Deal of the Century will be 'good starting point': Kushner

Deal of the Century will be 'good starting point': Kushner
Jared Kushner has said the long-awaited Israel Palestine peace plan, due to be announced in June, will be a "good starting point”.
3 min read
03 May, 2019
Jared Kushner said 'two state' will not be mentioned in the long-awaited peace plan [AFP/Getty]

Son-in-law and senior advisor to US President Donald Trump, Jared Kushner, said the Middle East peace plan - known as the "Deal of the Century" - would be a "good starting point" on Thursday, according to Reuters.

"What we will be able to put together is a solution that we believe is a good starting point for the political issues and then an outline for what can be done to help these people start living a better life," Kushner told the Washington Institute for Near East Policy.

The full details of the plan will be revealed at the end of the Muslim holy fasting month of Ramadan in June, Kushner, who has been working on the place for almost two years, announced earlier this month.

Details of the plan are still secret and it has been unclear whether the plan would call for a two-state solution.

"If you say two state, it means one thing to the Israelis, it means one things to the Palestinians. So we said, you know, let's just not say it," Kushner said at the Washington Institute for Near East Policy on Thursday according to Twitter reports.

On Tuesday, a Lebanese newspaper reported that Palestinian Authority President Mahmoud Abbas was offered $10 billion by Saudi Crown Prince Mohammed bin Salman to accept Washington's still-secret Israel-Palestine peace deal.

Trump's Middle East envoy Jason Greenblatt denied rumours last week that the peace plan will include a union between Palestine and Jordan.

It had previously been rumoured that the US peace deal would propose land swaps between Jordan, Saudi Arabia and Egypt.

While Palestinian leaders have repeatedly called for the establishment of an independent state in the West Bank and the currently besieged Gaza Strip, election promises made by re-elected Israeli Prime Minister Binyamin Netanyahu have further complicated matters.

Netanyahu promised to annex illegal settlements in the West Bank in the run up to recent parliamentary elections that secured the incumbent Prime Minister with a fourth consecutive term.

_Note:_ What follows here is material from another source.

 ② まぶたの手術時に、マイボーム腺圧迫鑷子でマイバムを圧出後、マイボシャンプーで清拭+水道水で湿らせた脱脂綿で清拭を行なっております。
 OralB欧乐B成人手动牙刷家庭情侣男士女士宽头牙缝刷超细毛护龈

With settlements, considered illegal under international law, dotted across the entirety of the West Bank, their annexation by Israel would destroy already shaky hopes for the territorial continuity of a future Palestinian state.

Both Palestinians and Israelis claim a unified Jerusalem as their capital, but previous negotiations have threatened to relegate the capital of a future Palestinian state to East Jerusalem, currently occupied by Israel and claimed as half of its own capital, or Abu Dis, a neighbouring town in the West Bank.

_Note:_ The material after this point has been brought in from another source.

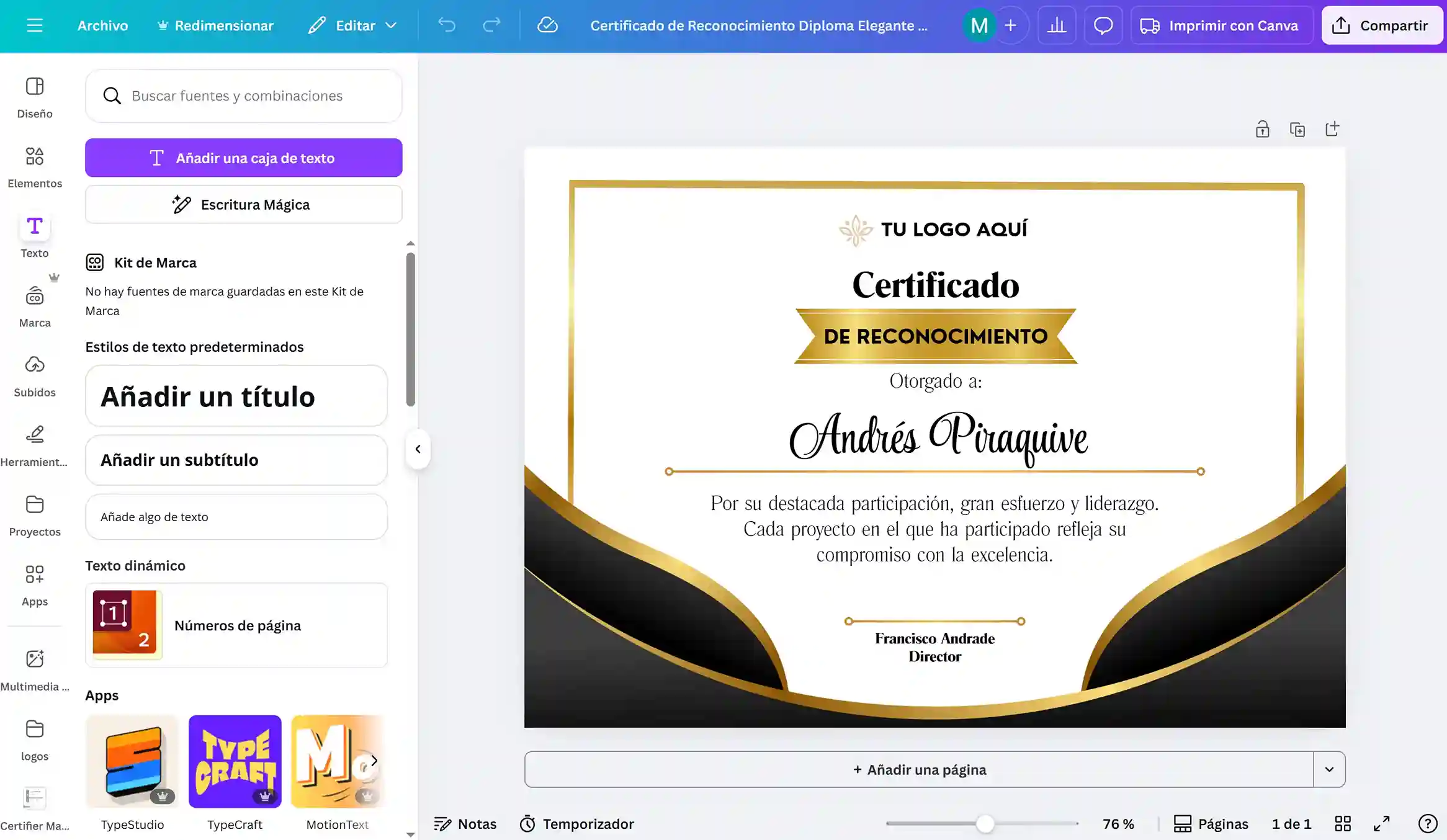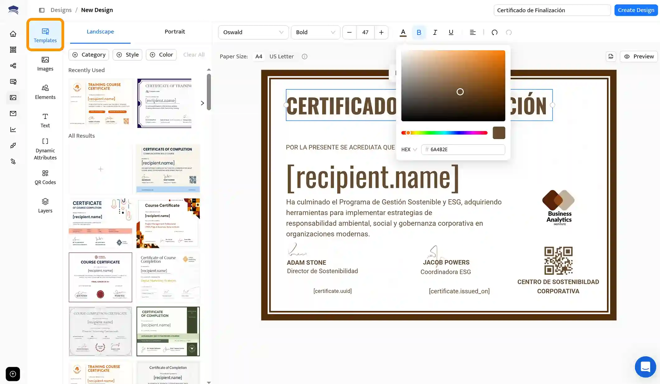 Ten en cuenta que aquí tendrás que introducir los datos de los destinatarios de forma manual, lo cual puede resultar tedioso si son muchos. Sin embargo, una ventaja de usar Canva es la gran variedad de plantillas de certificados disponibles.

Trump's 2017 decision to recognise Jerusalem, both east and west, as the capital of Israel and relocate the US embassy to the city was condemned by both Palestinians and the international community, and signalled that a Trump administration-brokered peace plan may reject Palestinian claims over the city.

Trump also recognised Israel's annexation of the Syrian Golan Heights last month in a move widely condemned by the international community.

Palestinian politicians have said that such decisions mean Trump cannot be an "honest broker" in any peace negotiations between Palestinians and Israelis.

Agencies contributed to this report.